The Department of Health and Human Services has terminated seven grants totaling millions of dollars to the American Academy of Pediatrics, including for initiatives on reducing sudden infant deaths, improving adolescent health, preventing fetal alcohol syndrome and identifying autism early, according to documents obtained by The Washington Post.
The abrupt loss of funds this week surprised the professional pediatrician association, which has been one of the harshest critics of Health Secretary Robert F. Kennedy Jr.’s changes to federal vaccine policy.
“The sudden withdrawal of these funds will directly impact and potentially harm infants, children, youth, and their families in communities across the United States,” Mark Del Monte, AAP’s chief executive and executive vice president, said in a statement to The Post. The organization is exploring options to push back, he said, including a legal challenge.
Administration officials cited a range of reasons for cutting off the funding to AAP, including the group’s use of “identity-based language,” including references to racial disparities and “pregnant people,” and insufficient focus in at least one grant program on nutrition and chronic disease prevention, which they said runs afoul of HHS’s priorities.
These grants, previously awarded to the American Academy of Pediatrics, were canceled along with a number of other grants to other organizations because they no longer align with the Department’s mission or priorities,” HHS spokesman Andrew Nixon said in a statement.
The AAP has criticized Kennedy for making unilateral changes to federal vaccine policy, calling them unscientific and arguing that his actions undermined evidence-based medicine, sidelined expert advice, eroded trust in vaccines and jeopardized public health by making communities more vulnerable to preventable diseases. The group condemned his firing of the CDC’s independent vaccine advisers to replace them with his own picks, many of whom previously criticized vaccine guidance.
Kennedy has blasted AAP for receiving funding from vaccine manufacturers and pharmaceutical companies. In response to the organization contradicting him by recommending annual covid vaccination for infants and toddlers, Kennedy called on the group to disclose conflicts of interest “so that Americans may ask whether the AAP’s recommendations reflect public health interest, or are, perhaps, just a pay-to-play scheme to promote commercial ambitions of AAP’s Big Pharma benefactors.”
The AAP and other medical groups are suing HHS and Kennedy in federal court, alleging that his coronavirus vaccine policy changes violate federal law. The lawsuit is seeking that the Kennedy’s vaccine advisory panel be disbanded and reconstituted under court supervision.
AAP received $18.4 million in federal grants from HHS this year, according to a federal grants database. Some anti-vaccine activists and other allies of Kennedy had criticized the federal funding of the group because it supports school vaccine mandates.
Three of the terminated grants had been awarded by the Centers for Disease Control and Prevention; four others had been awarded by the Health Resources and Services Administration, another health agency.
“This vital work spanned multiple child health priorities, including reducing sudden infant death, rural access to health care, mental health, adolescent health, supporting children with birth defects, early identification of autism, and prevention of fetal alcohol spectrum disorders, among other topics,” Del Monte said.
A top HHS official emailed other department and CDC officials Tuesday with the subject line, “CDC Termination Memos for Review,” and directed officials to “please proceed with canceling these today if not done already,” according to the email obtained by The Post.
“10-4. On it,” Jordan Faircloth, CDC’s deputy chief of staff and a political appointee, responded about an hour later.
One letter terminating a CDC grant on birth defects and infant disorders said “identity-based language” used in grant materials are “not aligned with current CDC and HHS priorities.” AAP received $18 million from that grant from 2023 to 2025.

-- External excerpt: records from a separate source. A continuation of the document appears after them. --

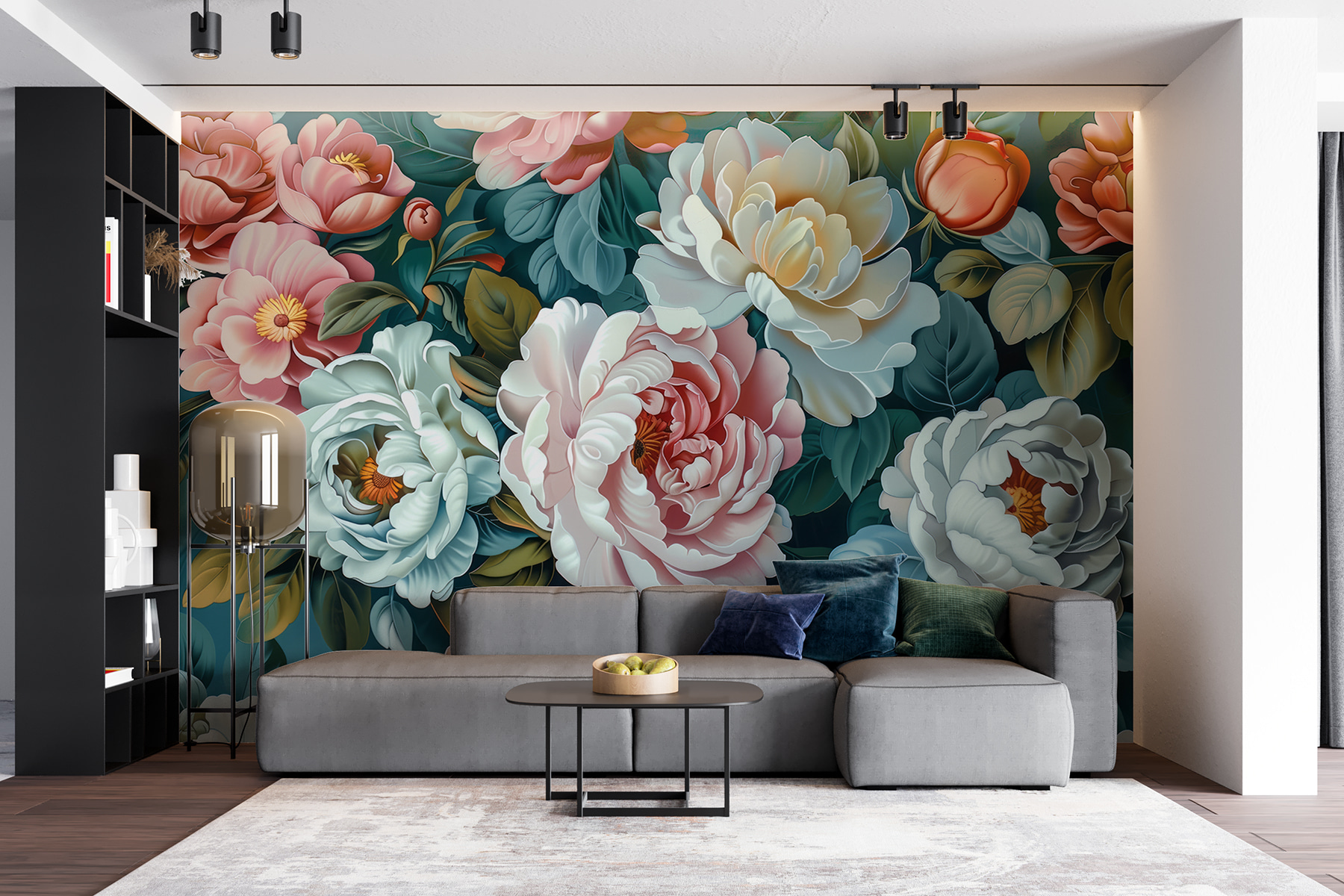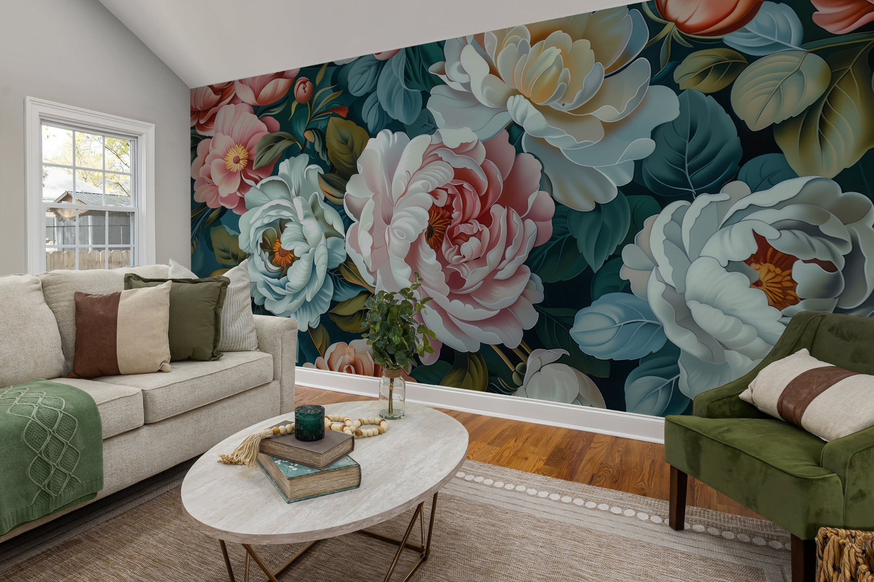 Μια τέτοια τοιχογραφία μεταμορφώνει κάθε χώρο. Θα μπορούσε να είναι η προσωπική σας απόδραση, μετατρέποντας ένα θλιβερό δωμάτιο σε έναν ζωντανό κήπο. Φανταστείτε τον πρωινό καφέ με αυτά τα λουλούδια ως φόντο – είναι αρκετό για να φωτίσει κάθε μέρα. Το μείγμα βαθιών, πλούσιων χρωμάτων και περίπλοκων λεπτομερειών το κάνει να ξεχωρίζει.
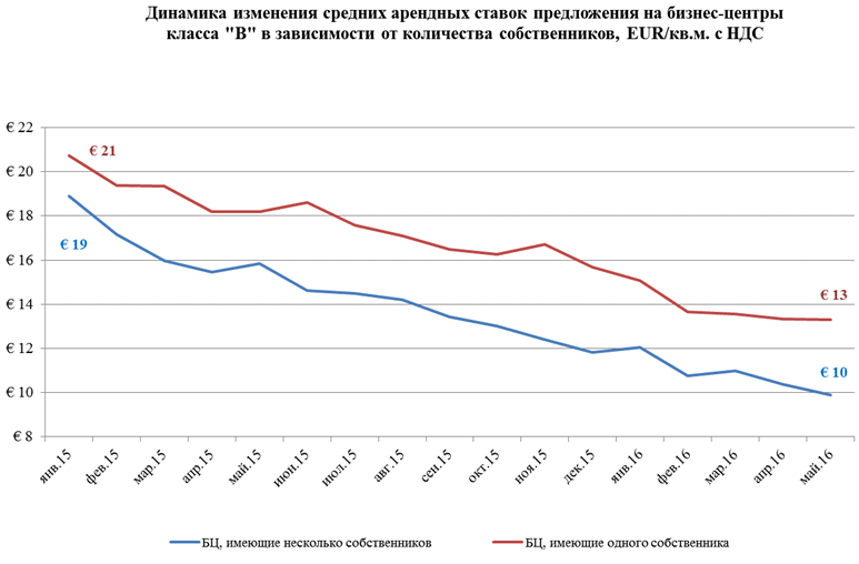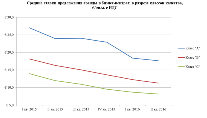 Актуальные ставки предложения аренды в начале июня были на уровне 17 EUR/кв. м. с НДС для класса «А», 11 EUR/кв. м. с НДС для класса «В» и 8 EUR/кв. м. с НДС для класса «С».
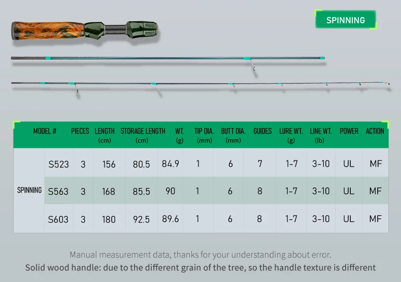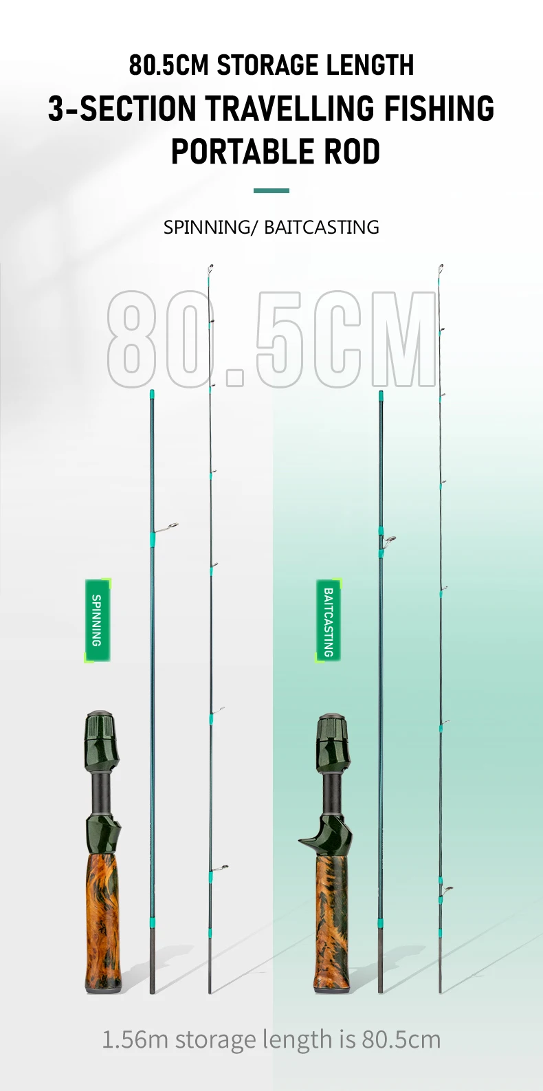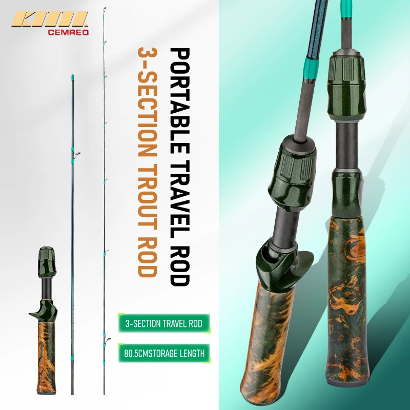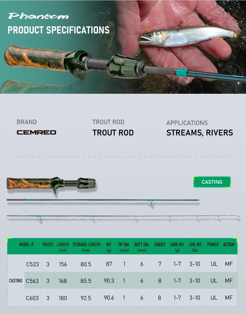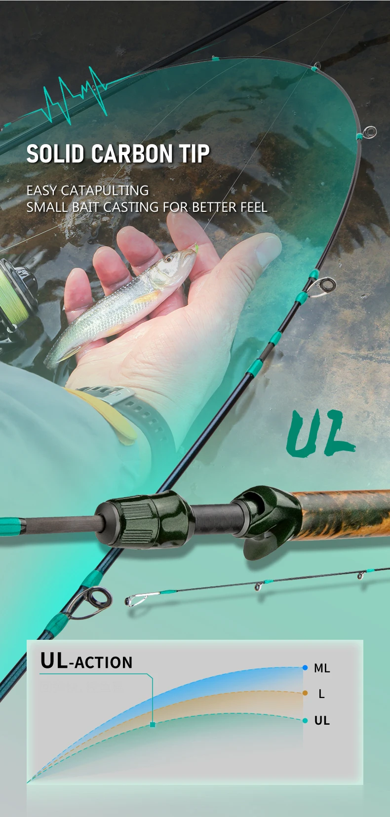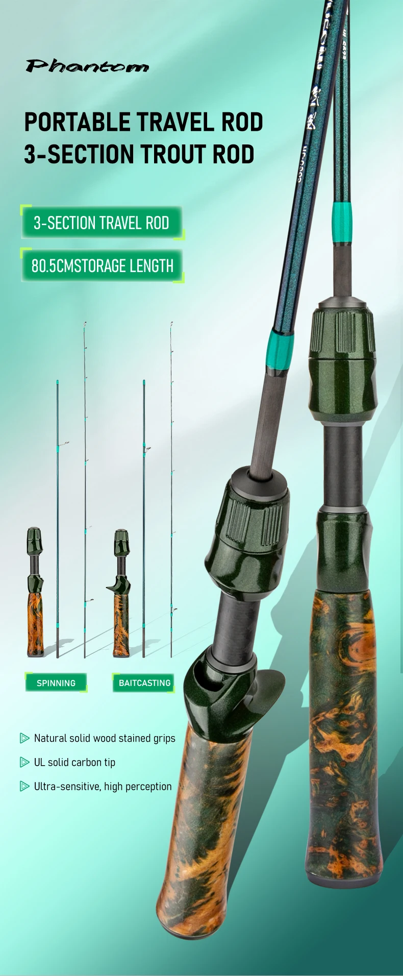 Caña de pescar de trucha profesional de 3 secciones, cebo giratorio, punta sólida, caña ligera de fibra de carbono, aparejos de pesca PHANTOM
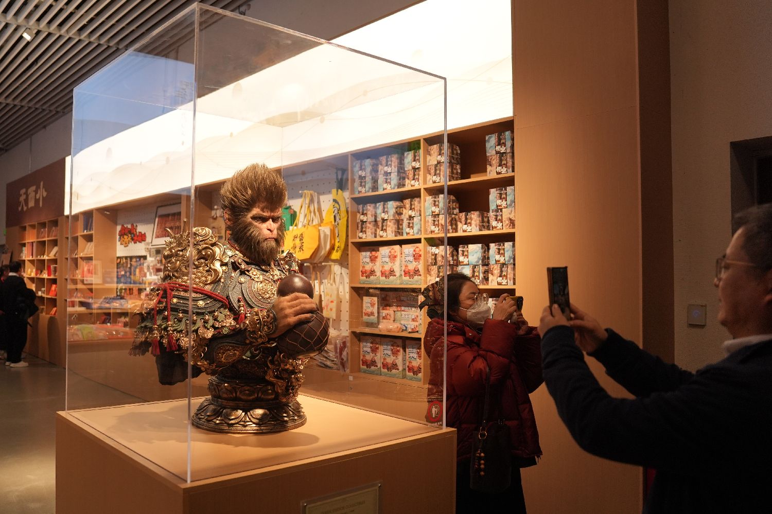 图为《黑神话·悟空》天命人半身像等文创产品吸引嘉宾。山西隰县小西天是《黑神话·悟空》的取景地。(中新社)

The letter highlighted language in AAP’s application and award documents, including a reference to “the health of pregnant and postpartum people,” a statement that “disparities caused by racism and poverty are only exacerbated during emergencies” and a commitment to incorporating “diverse perspectives into clinical care and public health materials.”
“These elements are not incidental; they are woven through the title, narrative and work plans of your organization’s award project and define your organization’s project’s objective framework,” Jamie Legier, director of CDC’s office of grants services, wrote in the letter. “As such, your organization’s activities under [award number] are no longer in alignment with the stated HHS and CDC priority areas.”
Several grant terminations to AAP cited a federal statute allowing a federal award to be terminated “if an award no longer effectuates the program goals or agency priorities.”
In a termination letter, Thomas Engels, the HRSA administrator, suggested one grant aimed at “comprehensive systems integration for adolescent and young adult health” wasn’t aligned with the agency’s “focused emphasis on nutrition and the prevention and management of chronic disease.”
A former senior leader at CDC said relationships with provider organizations like the AAP are essential to effective public health.
“Groups such as AAP translate evidence into clinical guidance, support frontline providers, and help ensure that public health recommendations reach children and families in real-world settings,” according to a text message from Greta Massetti, who was principal deputy director of CDC’s National Center for Injury Prevention and Control until August and now chairs the population health sciences department at Georgia State University. “Abruptly canceling grants that support these partnerships risks weakening the infrastructure that connects science, practice, and prevention.”